IMG_0622Well, folks. I just got done reading the entire week’s worth of Bible reading this afternoon. That’s right. Monday through Saturday reading turned into an hour on the couch on Saturday. In case you were counting how far along we are into the New Year, we’ve yet to break open the second out of twelve months. So, when it comes to goal-achieving — let’s just say, I’m terrible at it.

Also, I had another goal set up for the New Year — write one blog post a week. Seems reasonable and achievable right? RIGHT! Not that anyone is tracking this but uhh, I didn’t write a post last week. So here I am, hands clammy and mind racing for something to write about when I realize, I need to write about what it’s like to need grace. All those little things that remind you for the umpteenth time: you aren’t perfect.

If I look deeper into why I didn’t meet my two simple goals this week and last, it boils down to one thing: priority. In short, I prioritized watching Friends on Netflix and sleeping in until the last possible second over making time for Bible reading or disciplining myself to sit down and write.

The truth about me is I’m a ball-dropper. I’m a “yes-girl” with good ideas and little follow-through. I’m lazy and I struggle to get motivated. I’m scared to write because I’m never satisfied with the end result. I want accolades without effort and pats on the back without putting my time in. I’m selfish and cruel, I think dark and ugly things about other people, I hurt people who mean the world to me. I choose comfort over service 9 times out of 10. I don’t like sharing all of this because it may give you a more realistic view of who I am and that’s always scary. I don’t like letting people in because I know what’s on the other side of small talk and it’s usually uncomfortable.

I’m married to a rule-follower. A disciplinarian like I have never seen. His demons run in the direction of perfectionism, nagging at him to prove to the world that he is  A-B-C or X-Y-Z. He struggles to hold plans loosely, worry can sometimes keep him up at night and he’s constantly haunted by the past. (His paragraph is shorter than mine, but I’m leaving stuff out ok?!)

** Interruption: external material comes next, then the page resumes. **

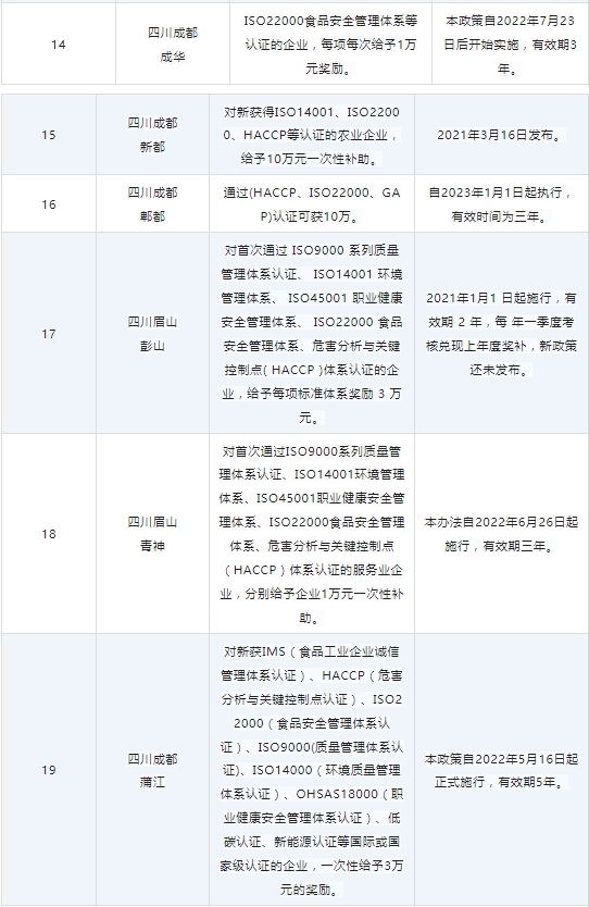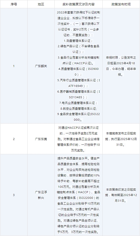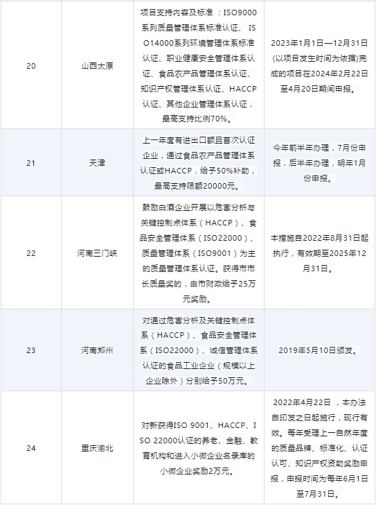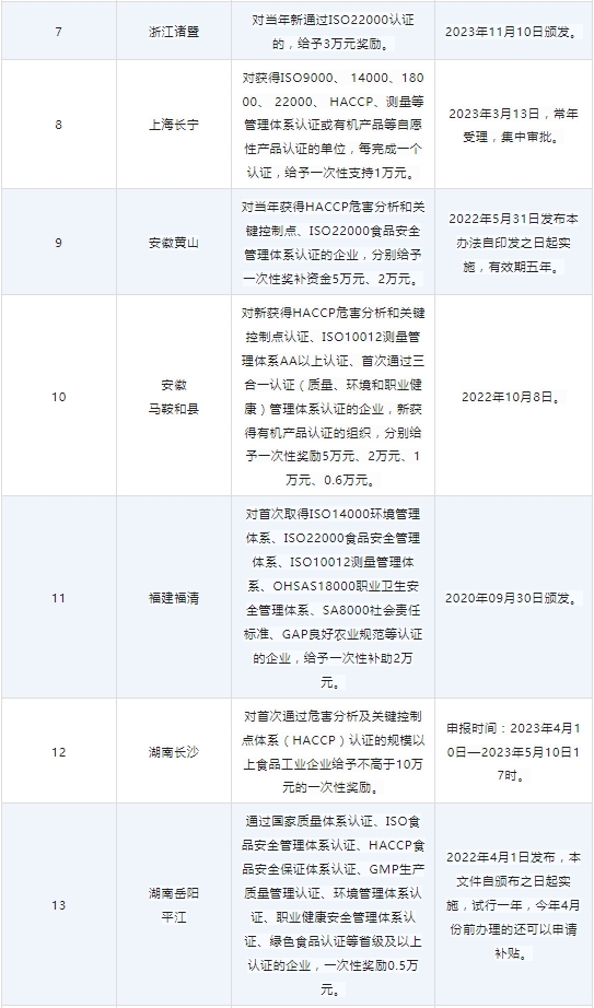 各省份ISO22000、HACCP认证补贴及申报政策已陆续出炉,小编汇总了各大地区的补贴情况,供大家参考,不要错过这些补贴哦!

Yet we’ve both been changed  by grace. Him in his desperate attempts to have it all figured out and mine in my haphazard attempts to please everybody while parading around in a false confidence that everything will sort itself out in the end. Grace reminds us that our sins are no longer counted under the sacrifice of Jesus, even if we like to keep score with each other (Which is so healthy, right? We should get an award for how petty we can be at times.)

But grace isn’t just a blanket to cover our sins, it’s manifested in a God who gets under our skin. He digs into our unhealthy habits and slowly removes the tar of fear and worry and apathy. He is faithful to acknowledge not only how miserably lost we are without Him, but to move us towards a life that is marked by faith-filled contentment, open hands, and a desire to serve rather than be served.

God brings grace to the ball-droppers and the rule-followers.

I think one of the greatest attributes of grace is that it moves us towards hope. God sees our days, each of them is numbered until we see Him face to face — He sees our beginning and end and in-between. He hears our thoughts and sees our intentions and He enters into it — not carrying a blank check for a “do whatever you want” life but ushering in a lifestyle marked by a desire to “do whatever I can for the good of people around me to the glory of a God who compels me with grace.”

Grace does not condone us to keep on sinning, it compels us into a life of righteous living.

So, next week if  when I find myself sitting at the couch cramming in my Bible reading or snapping at my husband, I will also find grace to get up the next day and walk with a God who never runs out of mercies, delights in having me in His family, and loves me even when I skim through all the lineage chapters of the Old Testament.